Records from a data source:
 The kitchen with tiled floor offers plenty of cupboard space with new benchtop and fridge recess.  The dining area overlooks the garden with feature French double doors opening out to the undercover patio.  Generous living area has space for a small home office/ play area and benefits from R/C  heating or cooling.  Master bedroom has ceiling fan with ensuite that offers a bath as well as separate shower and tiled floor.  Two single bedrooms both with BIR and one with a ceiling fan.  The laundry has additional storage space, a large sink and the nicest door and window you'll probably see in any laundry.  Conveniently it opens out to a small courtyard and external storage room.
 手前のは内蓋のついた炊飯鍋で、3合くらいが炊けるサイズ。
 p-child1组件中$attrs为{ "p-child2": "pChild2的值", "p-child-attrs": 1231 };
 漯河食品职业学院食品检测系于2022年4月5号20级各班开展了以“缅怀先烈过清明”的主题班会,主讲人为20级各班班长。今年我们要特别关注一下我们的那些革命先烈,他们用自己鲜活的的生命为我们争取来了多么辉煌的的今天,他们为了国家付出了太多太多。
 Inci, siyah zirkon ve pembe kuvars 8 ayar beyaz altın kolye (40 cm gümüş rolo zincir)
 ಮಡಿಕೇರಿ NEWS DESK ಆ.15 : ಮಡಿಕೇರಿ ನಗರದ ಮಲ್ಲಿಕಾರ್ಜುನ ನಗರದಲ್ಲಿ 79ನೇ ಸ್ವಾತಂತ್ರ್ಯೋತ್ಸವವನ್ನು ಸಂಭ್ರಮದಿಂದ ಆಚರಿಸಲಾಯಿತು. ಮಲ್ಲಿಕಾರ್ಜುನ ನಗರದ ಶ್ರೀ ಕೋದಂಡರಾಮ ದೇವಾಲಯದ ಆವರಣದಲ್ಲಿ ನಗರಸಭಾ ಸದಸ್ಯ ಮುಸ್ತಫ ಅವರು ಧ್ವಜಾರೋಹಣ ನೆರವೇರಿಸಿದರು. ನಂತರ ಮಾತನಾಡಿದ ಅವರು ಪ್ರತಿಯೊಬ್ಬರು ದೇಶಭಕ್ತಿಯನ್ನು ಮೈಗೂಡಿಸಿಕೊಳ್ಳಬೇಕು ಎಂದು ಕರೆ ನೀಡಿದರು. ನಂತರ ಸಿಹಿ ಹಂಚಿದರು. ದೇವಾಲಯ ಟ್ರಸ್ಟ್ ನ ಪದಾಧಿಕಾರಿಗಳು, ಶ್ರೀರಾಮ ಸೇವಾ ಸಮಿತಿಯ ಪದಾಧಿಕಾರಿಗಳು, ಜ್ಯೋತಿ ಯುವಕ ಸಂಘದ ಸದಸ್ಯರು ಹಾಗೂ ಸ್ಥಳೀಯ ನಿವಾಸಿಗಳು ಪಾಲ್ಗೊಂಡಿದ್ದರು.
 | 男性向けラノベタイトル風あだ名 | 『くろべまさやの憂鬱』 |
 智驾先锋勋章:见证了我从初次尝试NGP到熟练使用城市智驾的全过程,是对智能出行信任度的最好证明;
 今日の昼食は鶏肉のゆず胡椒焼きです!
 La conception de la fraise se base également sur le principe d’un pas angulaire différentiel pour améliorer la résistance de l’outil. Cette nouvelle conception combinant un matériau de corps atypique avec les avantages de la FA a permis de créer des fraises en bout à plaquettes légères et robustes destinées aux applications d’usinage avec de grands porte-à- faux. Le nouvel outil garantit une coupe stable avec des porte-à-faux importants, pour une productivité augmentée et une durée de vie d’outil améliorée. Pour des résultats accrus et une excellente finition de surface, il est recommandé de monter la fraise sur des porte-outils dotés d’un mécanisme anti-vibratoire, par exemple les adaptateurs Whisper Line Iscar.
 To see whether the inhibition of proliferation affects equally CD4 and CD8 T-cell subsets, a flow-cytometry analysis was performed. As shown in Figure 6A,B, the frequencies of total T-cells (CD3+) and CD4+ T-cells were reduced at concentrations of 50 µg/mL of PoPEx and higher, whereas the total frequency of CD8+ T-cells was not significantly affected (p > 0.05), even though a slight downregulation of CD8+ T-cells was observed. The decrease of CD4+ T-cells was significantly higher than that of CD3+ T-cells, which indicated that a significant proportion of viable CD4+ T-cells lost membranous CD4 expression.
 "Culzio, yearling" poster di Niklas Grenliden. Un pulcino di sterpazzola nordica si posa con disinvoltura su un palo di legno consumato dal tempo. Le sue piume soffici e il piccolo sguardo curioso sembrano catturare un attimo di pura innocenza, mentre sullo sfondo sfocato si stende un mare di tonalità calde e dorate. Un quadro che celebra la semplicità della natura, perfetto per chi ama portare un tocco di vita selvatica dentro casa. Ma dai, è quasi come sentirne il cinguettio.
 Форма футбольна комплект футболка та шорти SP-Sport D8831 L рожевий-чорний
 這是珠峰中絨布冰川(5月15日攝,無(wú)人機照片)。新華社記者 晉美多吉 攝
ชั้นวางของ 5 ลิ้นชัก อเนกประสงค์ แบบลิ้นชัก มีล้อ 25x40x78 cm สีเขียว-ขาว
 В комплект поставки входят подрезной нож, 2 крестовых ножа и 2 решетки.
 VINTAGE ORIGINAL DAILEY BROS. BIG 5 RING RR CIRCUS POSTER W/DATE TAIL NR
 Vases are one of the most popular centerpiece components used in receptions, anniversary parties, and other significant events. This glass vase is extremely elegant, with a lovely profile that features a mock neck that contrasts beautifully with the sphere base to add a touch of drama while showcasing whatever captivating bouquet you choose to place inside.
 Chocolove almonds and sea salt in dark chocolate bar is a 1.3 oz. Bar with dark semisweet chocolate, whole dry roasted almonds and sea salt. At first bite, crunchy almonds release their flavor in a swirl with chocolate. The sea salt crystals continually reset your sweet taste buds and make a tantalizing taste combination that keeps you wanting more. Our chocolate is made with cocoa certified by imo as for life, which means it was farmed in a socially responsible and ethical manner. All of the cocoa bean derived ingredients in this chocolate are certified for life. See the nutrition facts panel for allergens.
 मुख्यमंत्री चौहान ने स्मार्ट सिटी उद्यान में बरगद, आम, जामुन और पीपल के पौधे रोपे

* _What you need to do_: Some lines in the data above hold the string "which". Find and copy each of them.

* _Solution for this exercise_:
 To see whether the inhibition of proliferation affects equally CD4 and CD8 T-cell subsets, a flow-cytometry analysis was performed. As shown in Figure 6A,B, the frequencies of total T-cells (CD3+) and CD4+ T-cells were reduced at concentrations of 50 µg/mL of PoPEx and higher, whereas the total frequency of CD8+ T-cells was not significantly affected (p > 0.05), even though a slight downregulation of CD8+ T-cells was observed. The decrease of CD4+ T-cells was significantly higher than that of CD3+ T-cells, which indicated that a significant proportion of viable CD4+ T-cells lost membranous CD4 expression.
 Chocolove almonds and sea salt in dark chocolate bar is a 1.3 oz. Bar with dark semisweet chocolate, whole dry roasted almonds and sea salt. At first bite, crunchy almonds release their flavor in a swirl with chocolate. The sea salt crystals continually reset your sweet taste buds and make a tantalizing taste combination that keeps you wanting more. Our chocolate is made with cocoa certified by imo as for life, which means it was farmed in a socially responsible and ethical manner. All of the cocoa bean derived ingredients in this chocolate are certified for life. See the nutrition facts panel for allergens.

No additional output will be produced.